-------- Material for the task

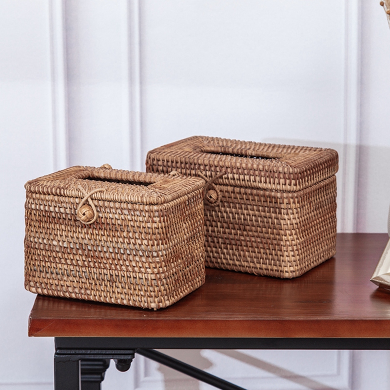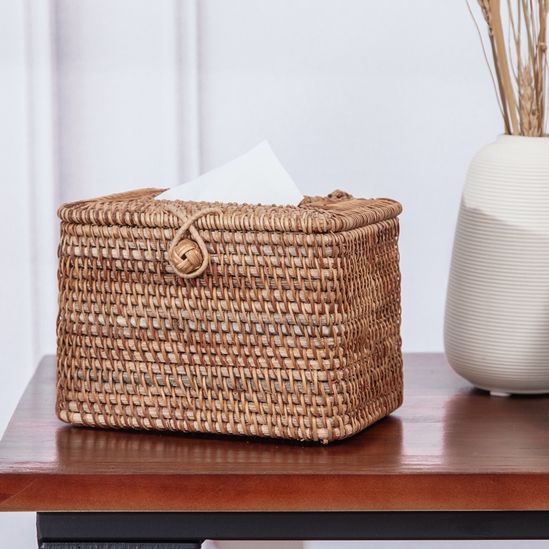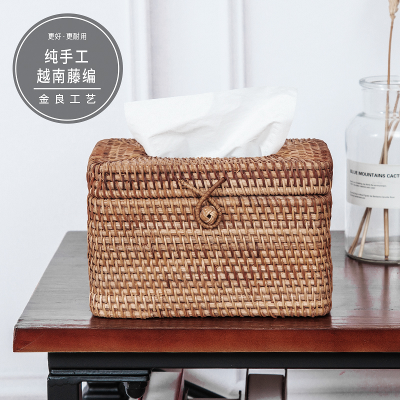 Rattan tissue box hand-woven toilet paper box household rectangular tissue box Vietnamese rattan tissue box with lid
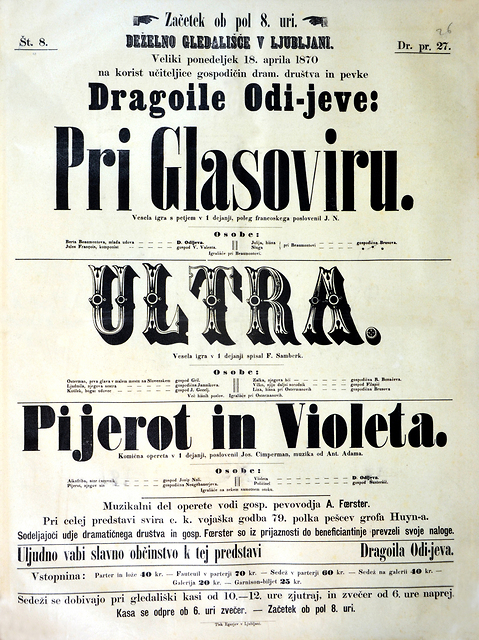 Gledališki list, ki vabi k trojnemu sporedu, veseli igri s petjem, veseli igri in komični opereti, se glasi na »korist učiteljice gospodičin dramatičnega društva in pevke«, s tem pa ilustrira dvojno vlogo Odijeve, ki tu nastopa v dveh pevskih vlogah.
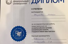 31 нче октябрь көнне Казан федераль университетында Лев Толстой исемендәге III Бөтенрәсәй фәнни -тикшеренү конференциясе уздырылды. 11 нче А сыйныфы укучысы Юнысова Ләйсән (җитәкчеләре: Чевачина Р.В., Пахомова Г.Ә.) җиңүче Дипломына ия булды. Ләйсәнне зур җиңүе белән тәбриклибез, киләчәктә укуында уңышлар, фән өлкәсендә яңа үрләр яулавын телибез!
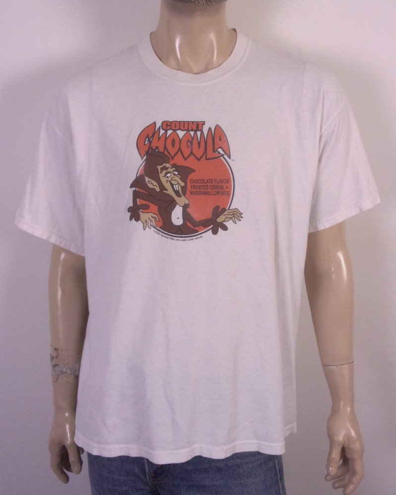 This rare vintage T-shirt from the 90s/00s is a must-have for any Y2K enthusiast! Featuring the iconic Count Chocula cereal character, this shirt is made of 100% cotton and is machine washable for easy care. The solid white color and short sleeves make it a versatile piece that can be worn in any season, whether you're going for a casual look or dressing up for Halloween. The shirt is available in size XL and has a regular fit, with a crew neckline and fabric type of 100% cotton. It's perfect for fans of the classic Count Chocula cartoon and cereal, and is sure to be a standout piece in any vintage clothing collection. Don't miss out on the chance to own this rare and unique T-shirt! Looks awesome! Beautiful true vintage 2006 tee, awesome look and fade to the graphics. Certainly has the look/feel/appearance of a late 90's era tee, falls more into that Y2K era looking type of tee. Has a few very tiny, minor little speck type surface marks, but overall very solid. Measurements: Pit to pit: 23.5 Sleeve length: 8.5 Length: 28.5 Shoulders: 23
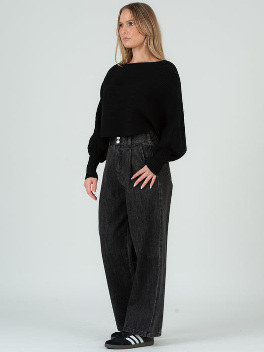 MISHA RIBBED SWEATER TOP-BLACK
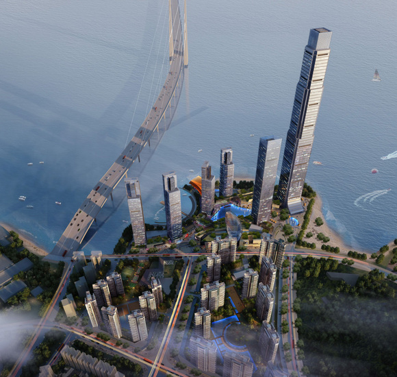 在2013年初航运集团30周年庆典上,时任佳兆业总裁金志刚盛装出席。彼时,航运集团五年战略中提到将大力发展旅游业和布局滨海地产。当年有关于该宗地块150万平方米建筑面积的规划图也在坊间流传,这里甚至规划建一栋超过828米迪拜塔的世界第一高楼。
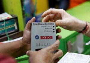 A customer looks at an Exide solar charge controller for purchase at a shop inside a wholesale electronics market in Kolkata, India, March 19, 2024. REUTERS/Sahiba Chawdhary
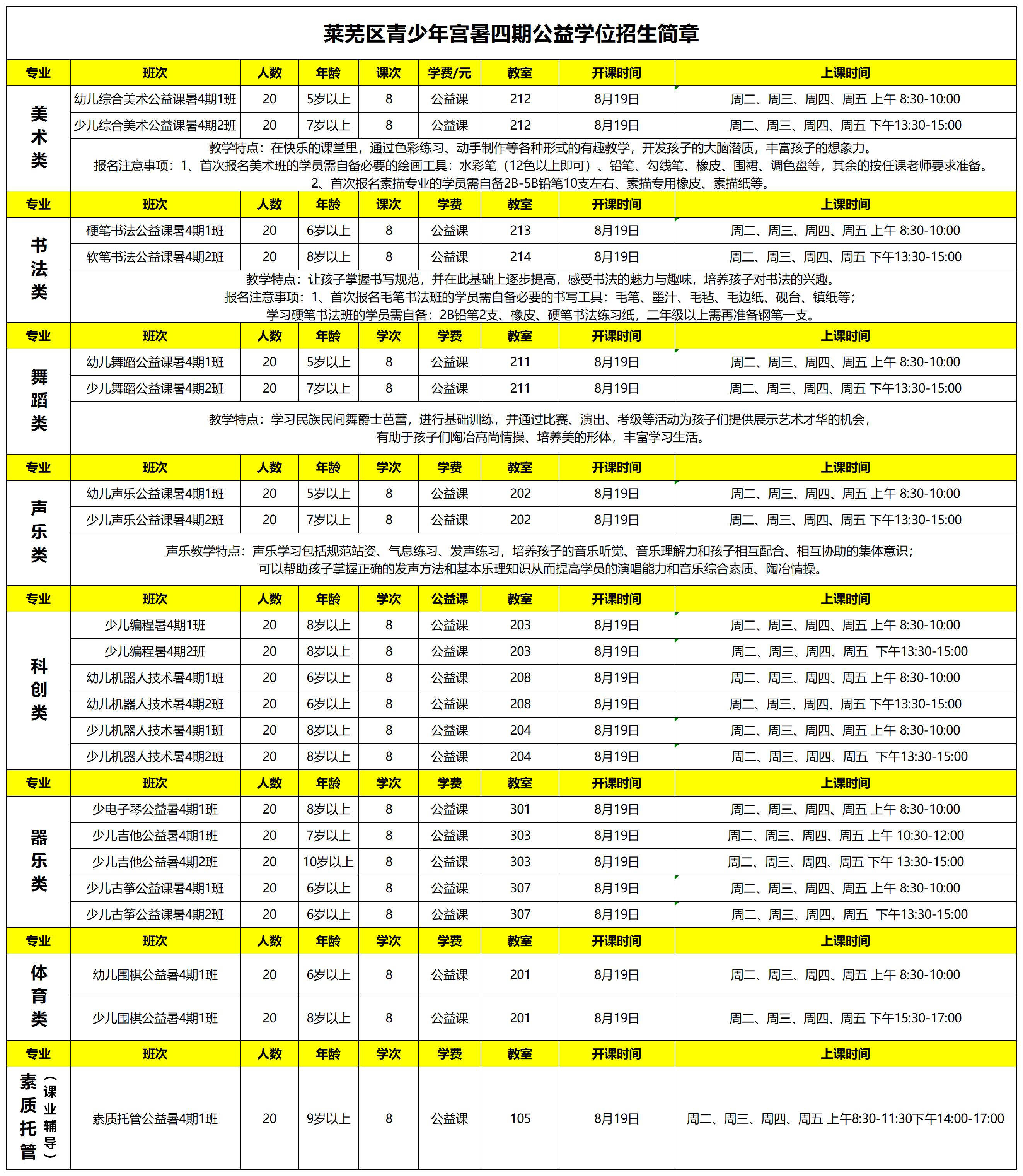 (5)莱芜区青少年宫开展的暑期、秋季公益课程均为公益性质(课程免费)。所有参加者均为自愿参加,风险与责任自负。
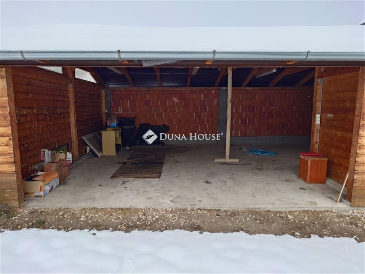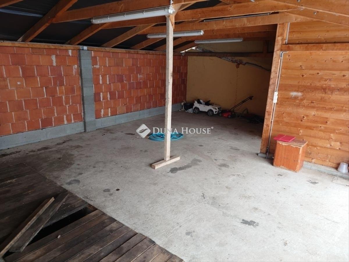 A telken található még egy 15 m2-es garázs és a ház hátsó részéhez épített 25 m2-es fedett szerelőaknás szín.
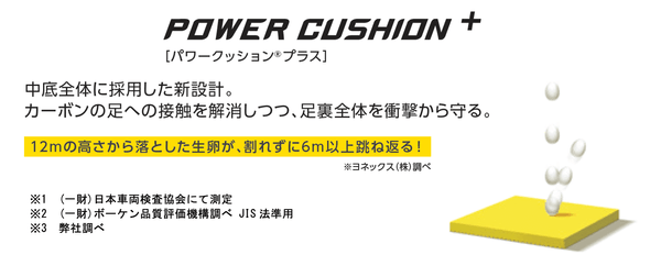 衝撃吸収性と反発性を併せ持つ「軽く、疲れにくい」衝撃吸収反発素材パワークッション。パワークッションに反発性の高い特殊樹脂を添加し、+型の溝を最適な間隔と深さで格子状に配置した新構造を採用した「パワークッションプラス」は、従来の軽量性を保ちつつ、衝撃吸収性を28%※2、反発性を62%※3アップさせ(一般的な衝撃吸収材[EVA]との比較)、12mの高さから落とした生卵が、割れずに6m以上跳ね返る新衝撃吸収反発素材です。
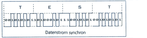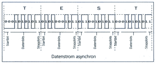 Eine Zeichenfolge besteht dann aus einer Folge von Datenbits, die für jedes Zeichen von Start- und Stoppbit eingerahmt werden. Zwischen zwei aufeinanderfolgenden Zeichen können sich auch beliebig lange Pausen befinden, da der Beginn eines Zeichens am Startbit eindeutig erkannt wird. Daher nennt man diese Form der Übertragung "asynchron".

----------------

**Try it:** Using the data above, copy exactly the lines from the one containing "在2013年初航运集团30周" to the one containing "衝撃吸収性と反発性を併せ持つ", inclusive. Exclude the pictures.

**Answer section:**
 在2013年初航运集团30周年庆典上,时任佳兆业总裁金志刚盛装出席。彼时,航运集团五年战略中提到将大力发展旅游业和布局滨海地产。当年有关于该宗地块150万平方米建筑面积的规划图也在坊间流传,这里甚至规划建一栋超过828米迪拜塔的世界第一高楼。
 A customer looks at an Exide solar charge controller for purchase at a shop inside a wholesale electronics market in Kolkata, India, March 19, 2024. REUTERS/Sahiba Chawdhary
 (5)莱芜区青少年宫开展的暑期、秋季公益课程均为公益性质(课程免费)。所有参加者均为自愿参加,风险与责任自负。
 A telken található még egy 15 m2-es garázs és a ház hátsó részéhez épített 25 m2-es fedett szerelőaknás szín.
 衝撃吸収性と反発性を併せ持つ「軽く、疲れにくい」衝撃吸収反発素材パワークッション。パワークッションに反発性の高い特殊樹脂を添加し、+型の溝を最適な間隔と深さで格子状に配置した新構造を採用した「パワークッションプラス」は、従来の軽量性を保ちつつ、衝撃吸収性を28%※2、反発性を62%※3アップさせ(一般的な衝撃吸収材[EVA]との比較)、12mの高さから落とした生卵が、割れずに6m以上跳ね返る新衝撃吸収反発素材です。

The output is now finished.